La marcia indietro è arrivata una volta al governo, con la necessità di affrontare il debito pubblico e stimolare nuovi investimenti. «Oggi chiudiamo definitivamente un’annosa vicenda storica, è un successo per noi e per tutto il paese», ha detto il ministro dell’Economia Giancarlo Giorgetti. Per il sottosegretario Giovanbattista Fazzolari, invece, l’accordo coniuga «la tutela industriale della compagnia italiana con la difesa dell’interesse nazionale».

Ma i giudizi entusiastici, oggi, vengono soprattutto da Giorgetti. È lui il grande artefice dell’operazione, già da quando era ministro dello Sviluppo economico con Draghi a palazzo Chigi. Fu Giorgetti, poi nominato al Tesoro, a stabilire che solo un partner come Lufthansa (e non il fondo americano Certares) poteva garantire un futuro a Ita. E sempre al leghista si deve il negoziato con l’Antitrust Ue che ha portato all’intesa finale.

Un pozzo senza fondo

A influire positivamente sul parere della Commissione c’è il fatto che il Mef continuerà ad avere una partecipazione di controllo in Ita. La gestione dell’azienda dipenderà da Lufthansa e la politica avrà un ruolo marginale, ma sul rispetto degli obiettivi il ministero – che per ora conserva il 59 per cento del capitale – non smetterà di vigilare. Lo stato italiano non sembra quindi avere fretta di uscire dall’azionariato di Ita.

«La vicenda degli aiuti di stato si riferisce ad Alitalia. Ita e Lufthansa non avranno più problemi di questo tipo: possiamo dire agli italiani che non ci metteremo più un euro delle loro tasse per coprire le perdite della compagnia», ha assicurato Giorgetti. Inoltre, il colosso tedesco potrà garantire investimenti nella flotta «senza oneri per il contribuente».

Ma quanto è affidabile questa promessa? Davvero gli italiani non dovranno più versare soldi per salvare l’erede di Alitalia? Sulla carta, il passaggio alla società di Colonia chiude la triste vicenda della nostra compagnia di bandiera, ma qualche sorpresa non è da escludere da qui al 2033. «Vorrei che tutto andasse liscio ma credo sia un’illusione, in caso Lufthansa decidesse di chiudere in futuro», ha notato l’economista Mario Seminerio.

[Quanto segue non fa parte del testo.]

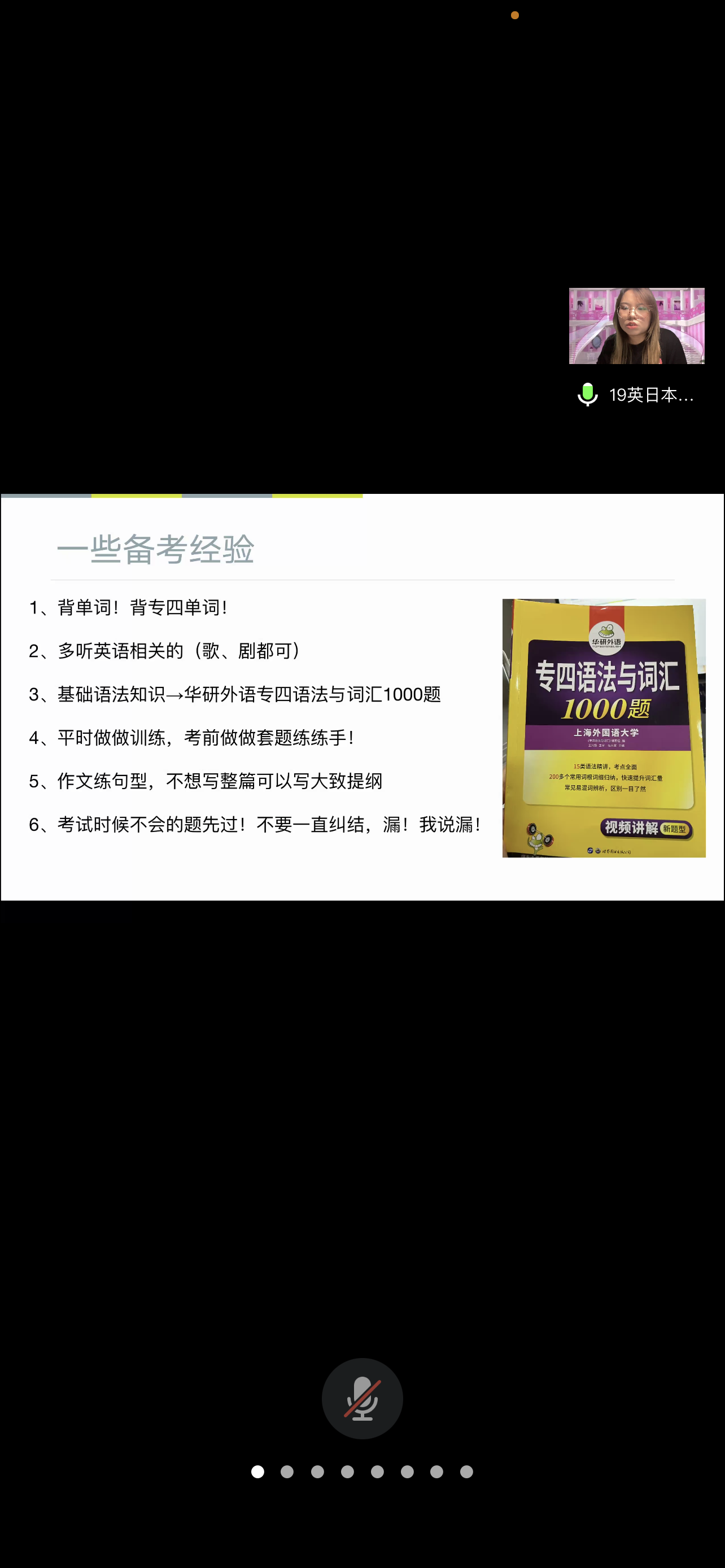 分享会上,两位学姐从自身的备考经验与学习方法出发,与同学们进行了经验分享和问题讨论。何泳从情绪管理、考试重要性、做题经验等方面与同学们进行了分享,在听力方面,她向大家推荐了喜马拉雅和美国之声两个平台,鼓励同学们多听多练。在做题方面,她提出了“找中心词”、“注意文章行文顺序”、“主旨题放最后”、“反复阅读”四个技巧。最后,她以“some days will always be harder than others.Be patient with yourself.”给同学们送上了美好祝愿。

La mente torna allo stop dell’economia in seguito alla pandemia di Covid, che mise sotto pressione il settore del trasporto aereo. Molte compagnie, in tutta Europa, rischiarono di chiudere per cessata attività. La crisi coinvolse pure Lufthansa, che nel 2020 arrivò a perdere un milione l’ora e a un passo dal fallimento. La bancarotta fu evitata grazie all’intervento statale, con il governo di Angela Merkel che offrì nove miliardi di euro sotto forma di prestiti e aumento di capitale.

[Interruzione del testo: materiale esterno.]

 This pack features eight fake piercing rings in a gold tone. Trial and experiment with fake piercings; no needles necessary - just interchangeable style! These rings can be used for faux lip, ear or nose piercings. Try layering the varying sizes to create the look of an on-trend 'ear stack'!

Da allora la compagnia si è ripresa e l’anno scorso ha raddoppiato i ricavi, facendo anche 12mila assunzioni. Il successo della fusione approvata il 3 luglio dipenderà in buona parte dalla solidità di Lufthansa, che oggi gode di ottima salute, e dalla sua capacità di rilanciare Ita (che nel 2023 ha ridotto il rosso a 5 milioni, dai 486 del 2022). Una crisi come quella del Covid non si ripete spesso, ma ha mostrato la fragilità di questo mercato. Da qui al 2033, prima dell’uscita di scena dello stato italiano, la strada è lunga e piena di incognite.